Functionalization was performed to achieve low surface energy. A 1% solution of Dynasylan F8815 surfactant from Evonik in water was used, and it was deposited onto the films via dip coating with an immersion speed of 1 mm/s, an immersion time of 10 s, and an emersion speed of 2 mm/s. After surfactant deposition, the films were subjected to a thermal treatment at 120 °C in an oven for 15 min.

Two sets of samples were prepared using the same production parameters. However, characterization of wettability and characterization of topography were performed in different laboratories to verify reproducibility (we expect the AFM measurements to have a similar resolution so as not to significantly alter the value of the RMS slope). For the first group of samples produced, topography characterization was performed using atomic force microscopy (AFM) measurements. The equipment used was the Veeco Dimension 3100 from Veeco Digital Instruments Metrology Group, with a measurement area of $2\times 2\mathsf{\mu }{\mathrm{m}}^2$ to capture a representative sample of the entire surface with sufficient image resolution. The scanning probe used was the ScanAsyst-Air, with an elastic constant of 0.4 N/m.

The wettability characterization was performed by measuring the contact angle. The measurements were performed at room temperature and humidity (approx. 22 °C, 40%). Set 1 samples were measured using homemade equipment and a drop volume of 10 μL, while Set 2 samples were measured using a Kruss Goniometer (DSA 100S/2014) and a drop volume of 5 μL. A drop of distilled water was deposited in three distinct regions of each sample; a photo was taken of each drop. The contact angle was calculated for every drop and the average of the contact angles was calculated. The contact angle values were obtained by analyzing the images using ImageJ software (version v1.54k). The uncertainty was calculated from the standard deviation of the mean plus the instrumental accuracy. The hysteresis was calculated by the method of volume variation through subtracting the advance and retreat angle of the drop at the time when it is being inflated and deflated. The volume was varied from 5 μL to 20 μL and from 20 μL to 5 μL, with a variation of 1 μL/s. The hysteresis present in next section refers to the volume of 5 μL.

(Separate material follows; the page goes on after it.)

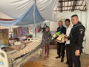 ทั้งนี้ หน่วยเฉพาะกิจกรมทหารพรานที่ 41 ยังได้มอบอุปกรณ์สำหรับช่วยเหลือผู้ป่วยติดเตียง (เบาะลม) เพื่อป้องกันแผลกดทับ จำนวน 1 ชุด และเครื่องอุปโภคบริโภค ณ บ้านเลขที่ 60 บ้านเกะรอ หมู่ที่ 1 ตำบลเกะรอ อำเภอรามัน จังหวัดยะลา
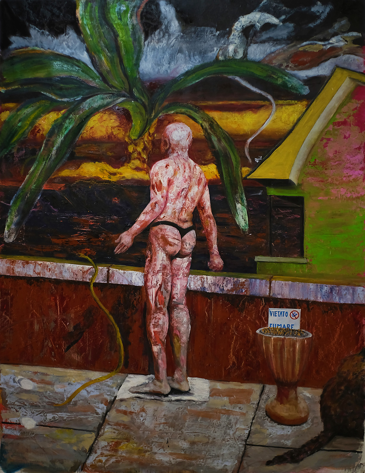 Elidon Mucaj bravely tackles the theme of human fragility, bringing to the canvas a naked, curled figure immersed in a natural setting that is as lush as it is alien. The body, bent and vulnerable, is rendered in muted tones and with expressive brushstrokes, while the background bursts with vegetation and vivid colours. The oil is applied thickly, creating a living materiality that reinforces the contrast between the energy of nature and the inertia of man. The large prickly pear cactus (Opuntia), a symbol of resistance and survival, towers over a body that seems about to dissolve. In this way the artist constructs a visual drama without rhetoric: the body is there, real, exposed and without defence. There is no judgement or pity, only observation. Elidon conveys the struggle of existence, the isolation, but also the possibility of rebirth through confrontation with the earth. The work becomes a visual meditation on abandonment and resilience.

The topography of the second set of samples was measured using the Bruker Dimension Icon equipment, with the TAP150A probe having an elastic constant of 5 N/m. The measurement area was also $2\times 2$$\mathsf{\mu }{\mathrm{m}}^2$ . Wettability was quantified using the same methodology as for the first set of samples; however, the drop size was 10 μL. The handmade equipment used was a contact angle measurement device (CAMD).

4. Results and Discussion

4.1. Topography

The following presents the AFM measurement images of the alumina films on glass substrates with graded roughness. Both the RMS roughness and RMS slope are expected to increase with increasing etching time as the chemical reaction with the alumina surface reaches deeper layers.

The topographies of the two sample sets are shown in Figure 3 and Figure 4 (Set 1 and Set 2, respectively). The values of root mean square (RMS) roughness, $r_{r.m.s.}$, and RMS slope are presented for the respective surfaces. In general, it can be observed that these values increase with etching time, especially for the 16 s textured sample. In Figure 3, Sample 128 exhibits small measurement artifacts where the tops of the structures are not well resolved. In the same figure, Sample 512 appears well resolved in the upper part of the image; however, upon careful analysis, a loss of resolution can be noticed in the lower part. To confirm this suspicion, we selected the well-resolved area and calculated the RMS roughness, obtaining a value of $40.5\pm 1.3$ nm, which is higher than the value obtained for the entire measured area ($37.6\pm 1.1$ nm), thus supporting our hypothesis. This demonstrates that small measurement artifacts can significantly influence the measurable values of topography.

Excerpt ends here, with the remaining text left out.